HenryQW / mercury_fulltext

📖 Enjoy full text for tt-rss.
159 stars 27 forks source link

Plugin not re-writing article contents with returned information from API #14

Closed TheFiZi closed 5 years ago

TheFiZi commented 5 years ago

Plugin appears to be working up until re-writes the article content with the information returned from the mercury_api.

I can see the plugin passing the URL to the mercury_api but then the body of the articles is not being replaced with the returned results from the API.

CentOS 6 PHP 7.1.26 MariaDB 15.1

TTRSS 19.2 (900cdbb) Node 10.15.1 (for mercury-parser-api)

Your mercury API

None I can see. I can enable PHP debugging if that would be helpful and try to find something.

Subscribe to a feed, enable the mercury_fulltext plugin, wait for feed to refresh with new articles.

I am testing with: https://www.wired.com/feed/category/business/latest/rss

HenryQW commented 5 years ago

This is a bit weird, my ttrss is able to process fulltext for some articles, for exmaple:

https://www.wired.com/story/huawei-case-signals-new-us-china-cold-war-tech/

image

https://www.wired.com/story/tim-wu-says-us-must-enforce-antitrust-laws/

image

However, some articles aren't processed, such as:

https://www.wired.com/story/huawei-sues-us-prodding-prove-suspicions/

and

https://www.wired.com/story/facebook-zuckerberg-privacy-pivot/

So I did a manual curl to my mercury api

curl mercury:3000/parser?url=https://www.wired.com/story/facebook-zuckerberg-privacy-pivot/

It returned errors:

{"error":true,"messages":"The url parameter passed does not look like a valid URL. Please check your data and try again."}

But when I spinned up a local mercury api, it's able to return the content.

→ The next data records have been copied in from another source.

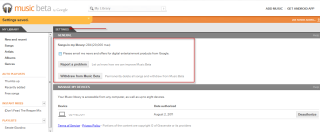 | 7. Nelle impostazioni di Google Music puoi verificare nel tab Generale il numero di canzoni e gestire le opzioni quali quelle che ti consentono di cancellare tutta la libreria. |
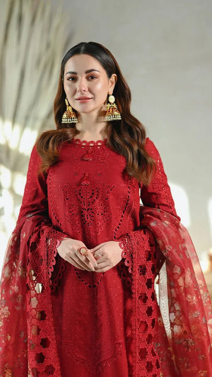 LAWN 3PC CHIKENKARI EMBROIDERED SHIRT PLAIN TROUSER
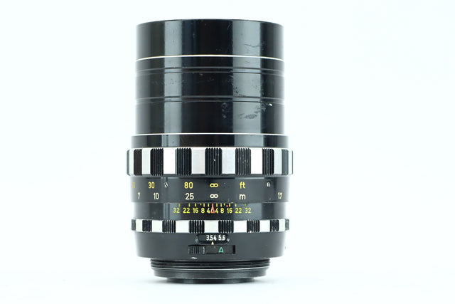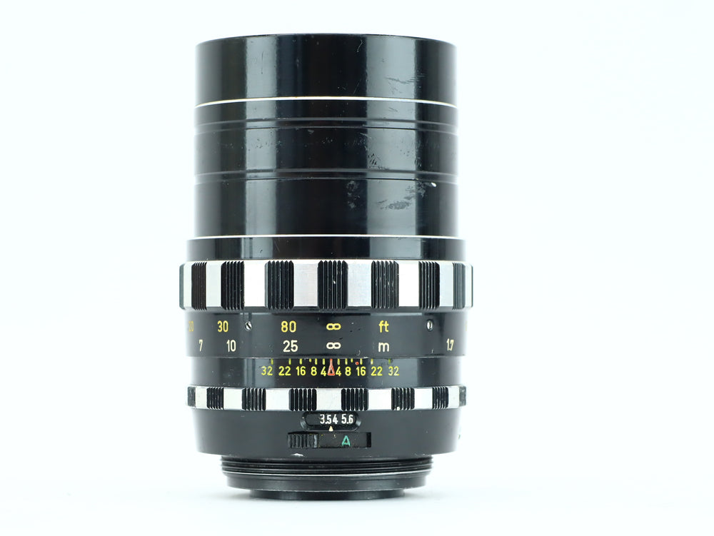 The Steinheil Edixa 135mm f/3.5 is a beautifully made telephoto lens from West Germany, known for its precise engineering, warm color rendering, and vintage character. Originally designed for Edixa SLRs, it’s typically fitted with an M42 screw mount, making it easy to adapt for use on modern mirrorless systems. A great choice for portraits, nature, and classic film shooting.
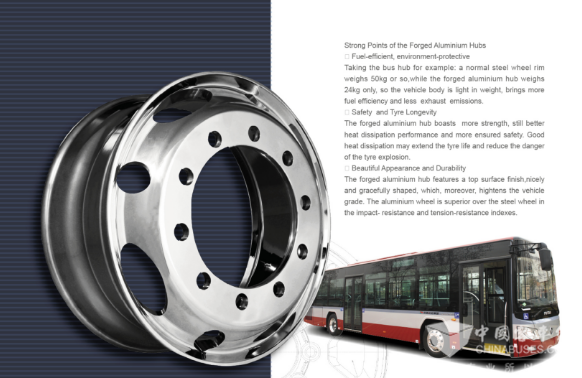 此次亮相天津车展的高级锻造镁铝合金轮毂具备重量轻、强度高、安全可靠、造型美观等诸多优势。据悉,锻造铝合金轮毂具有如下优点:第一,省油、环保。以大客车轮毂为例,一般钢圈中50kg,而锻造铝轮毂只有24kg,车身轻,燃油更经济、排放少。第二,安全、省胎。锻造铝轮毂强度更大,散热性能更佳,安全更有保证,铝轮散热好,可延长轮胎寿命,降低爆胎危险。第三,美观、耐用。锻造铝轮毂表面光洁度高,造型美观大方,更能提升车辆档次。铝轮抗冲击力、抗张力等指标高于钢轮。
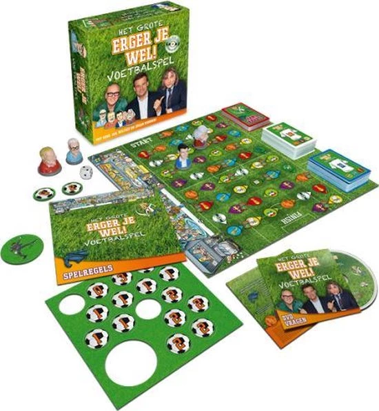 Het Grote ERGER JE WEL Voetbalspel. Identity Games ontwikkelde samen met Voetbal International dit hilarische voetbalspel, waarmee spelers in de huid kruipen van Wilfred, Ren?, Johan of Jan met de mooi uitgevoerde plastic speelstukken.
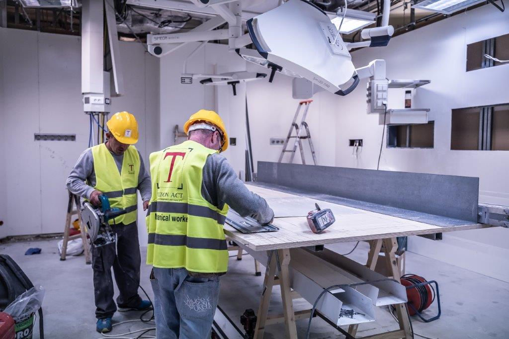 Η κατασκευή μίας Χειρουργικής αίθουσας έχει συγκεκριμένες προδιαγραφές σε οικοδομικά υλικά (ξηρά δόμηση) και σε ηλεκτρομηχανολιγό εξοπλισμό. Η εταιρεία μας κατασκεύασε τις αίθουσες με όλες τις προδιαγραφές: αγώγιμα δάπεδα, ιατρικά αέρια, ειδικά χειρουργικά φώτα και επένδυση τοιχοποιίας με πιστοποιημένο αντιμικροβιακό υλικό επένδυσης PALCLAD™ Pro το οποίο είναι ένα σύστημα επένδυσης που αποτελείται από συμπαγή πάνελ PVC που προσφέρει πλήρη δυνατότητα επικάλυψης επιφανειών, δημιουργεί ένα αντιμικροβιακό περιβάλλον, είναι ανθεκτικό, με πληθώρα επιλογής χρωμάτων, ανθεκτικό στους κραδασμούς, στη φωτιά, με ηλεκτρική και θερμική μόνωση. Ταυτόχρονα, το PALCLAD είναι ένα υλικό φιλικό στο περιβάλλον, υψηλής αισθητικής που αναβαθμίζει την ποιότητα του χώρου.
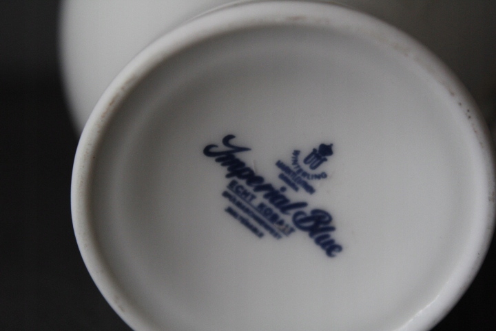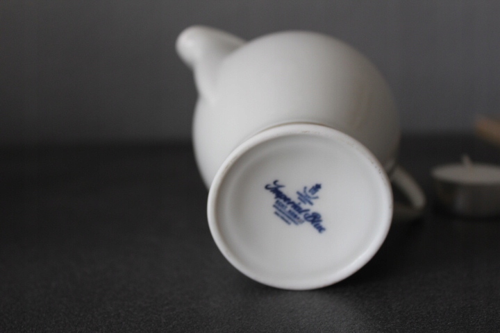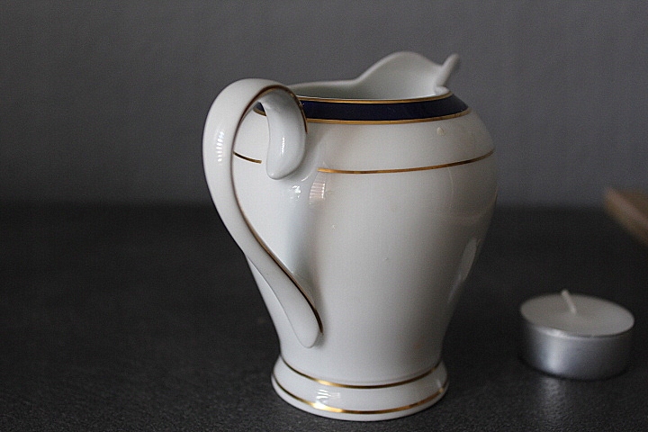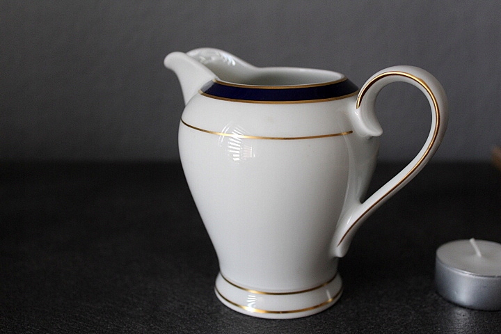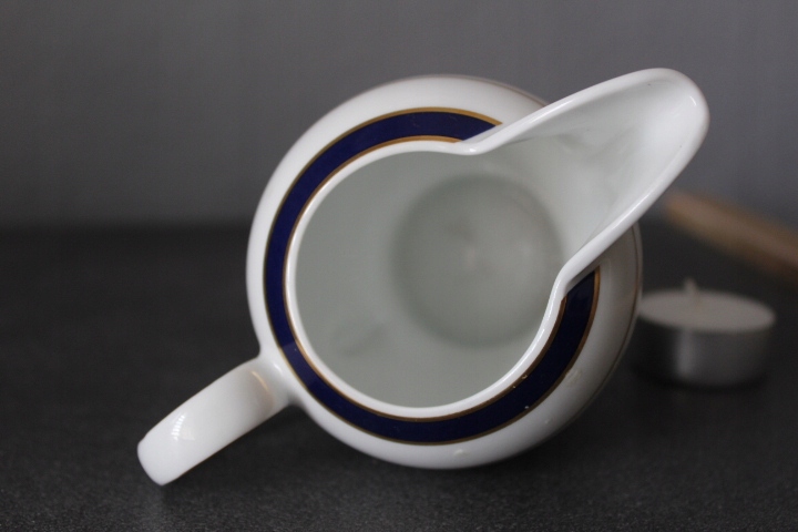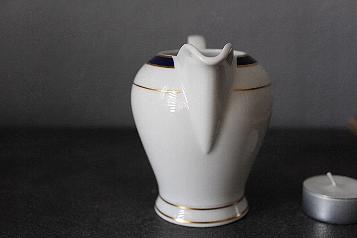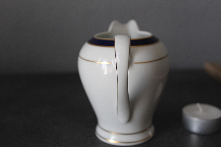 KLASYCZNY, ELEGANCKI MLECZNIK,BIAŁA WYSOKOGATUNKOWA PORCELANA, ZŁOCENIA, KOBALTOWE ZDOBIENIE
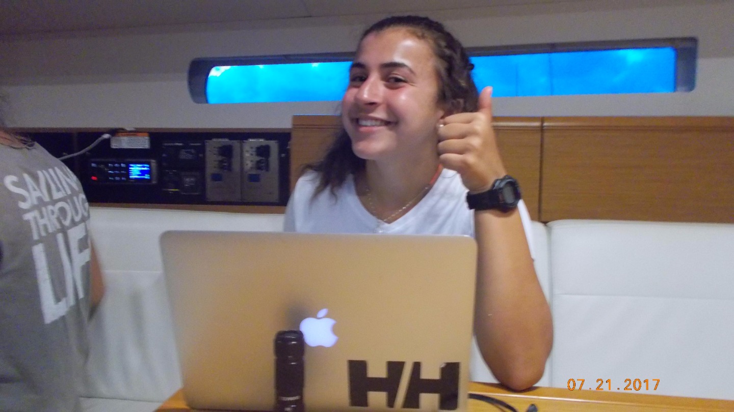 After our night passage we awoke this morning to a beautiful view of St. Barts and ate a delicious breakfast of breakfast burritos and cinnamon buns. Once we finished eating breakfast we enjoyed some shore time on St. Barts. We all had a fun day of shopping, eating and swimming. For lunch we were on shore so most of us decided to enjoy a crepe at La Creperie. After lunch the group broke off and everybody did their own things. Some people took a quick hike to enjoy the spectacular views St. Barts has to offer while others enjoyed a day swimming in the crystal clear water or laying on the shell covered beaches. Once we all regrouped on the dock we headed back to the boats to shower and have a delicious pad thai dinner. After dinner the advanced sailers are taking the written portion of the exam (wish us luck!).
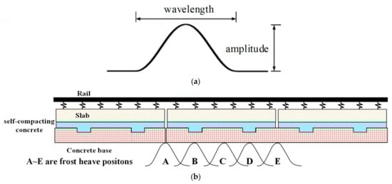- The frost heave displacements of subgrade affects the deformation of its superstructure, leading in turn to cosine track irregularities. Because of the great stiffness of slab track, the amplitude transfer ratio will be greater than 1.0; that is, the deformation mapped to the rail surface will increase.
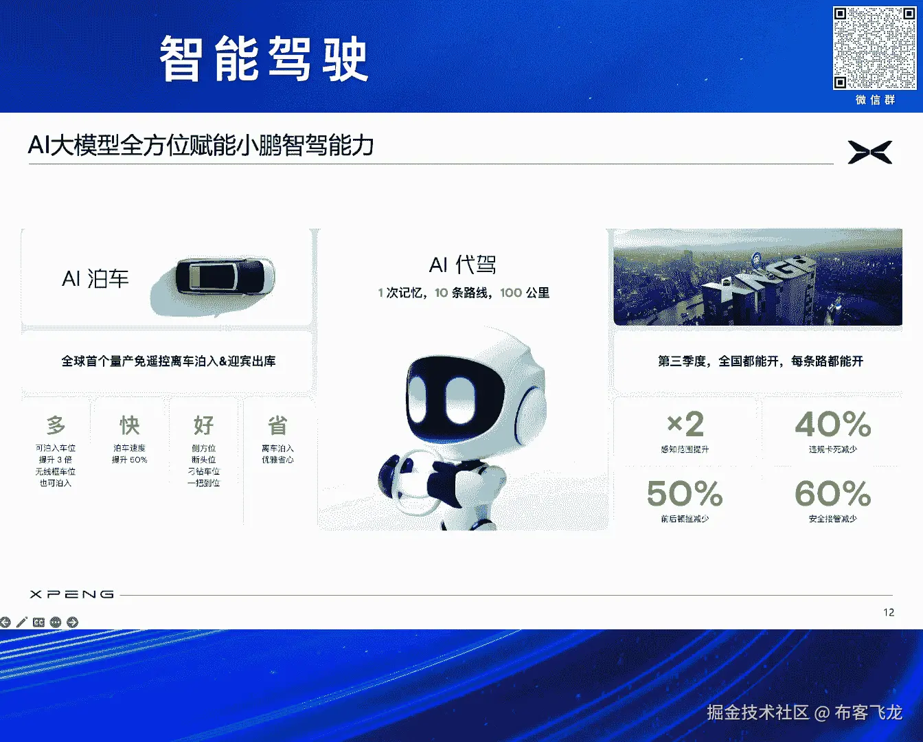 然后除了刚才提到的我们的行车之外,AI大模型其实现在全方位赋能,我们赋能我们小鹏的其他一些支架能力,比如说我们的AI泊车,我们现在也是做了全球首个量产的,离车薄入和迎宾出库。
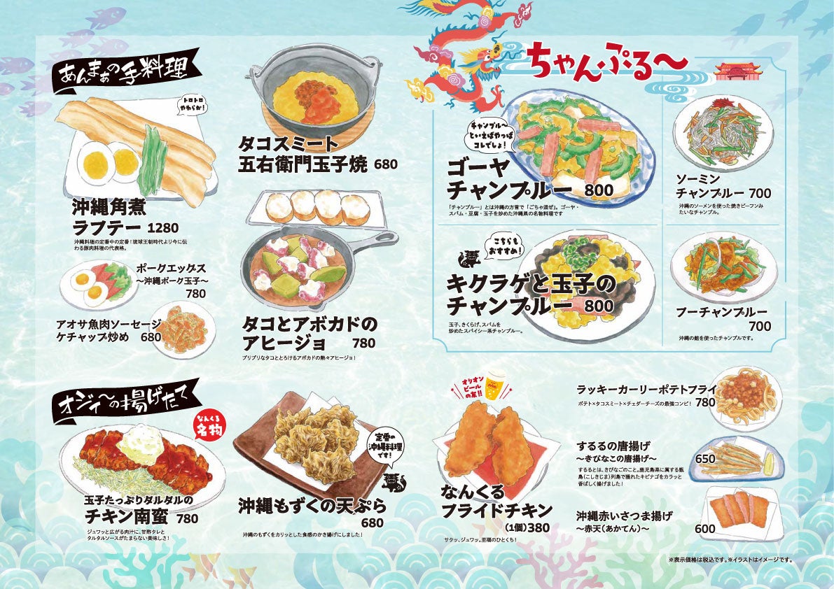 オリオンビールや泡盛とともに、ゴーヤチャンプルやラフティなど定番料理が並び、泡盛やシークヮーサー、さんぴん茶を使ったドリンクなど、南国気分を盛り上げる一杯も充実。
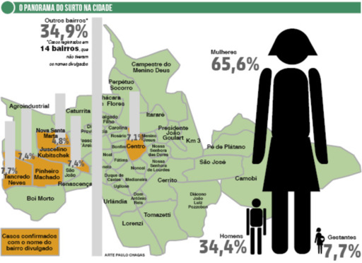 No relatório, consta ainda que outras 123 pessoas estão com a doença, porém, não foi informado o bairro onde moram, das outras 108 pessoas ainda não há informação. Quanto à distribuição dos casos por bairros, a assessoria de comunicação social da Secretaria de Saúde do Estado confirma a informação dos 19 bairros.
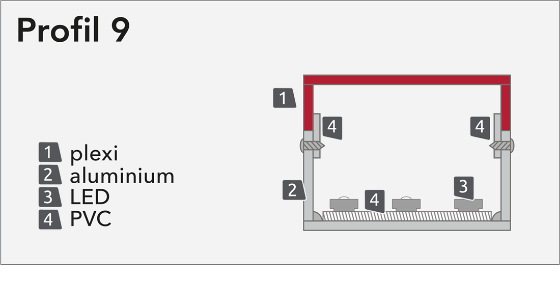 Profil 9 har front och en del av sidorna I akryl. Den nedre delen samt baksidan av bokstavskroppen tillverkas I aluminium. Den här profilen tillåter belysning av olika kulörer på front och sida. Kan monteras separat, på distanser eller på ram.

Please try a manual curl and let me know if you are experiencing the same problem.

HenryQW commented 5 years ago

I think I've found the issue, wired has a paywall which will prevent you from getting the article after you've read some.

image

This is when the local mercury api returned the very same error.

image

https://github.com/postlight/mercury-parser/blob/0940971069290b5bce4dc9422d8b4d0d20f7d3b5/dist/mercury.js#L362-L363

Unfortunately, there is nothing I can do about this.

TheFiZi commented 5 years ago

Of course! I completely forgot they had the limited amount of articles. When I was using the official API this was likely not a problem because it probably used a lot of public IPs.

Normally I wouldn't have this issue but because I'd removed/re-added a feed for testing it burned through all of my IPs views for 24 hours.

Thanks again for the assist.

Full disclosure: I have a sub to Wired.com but they don't offer full text RSS like Arstechnica does.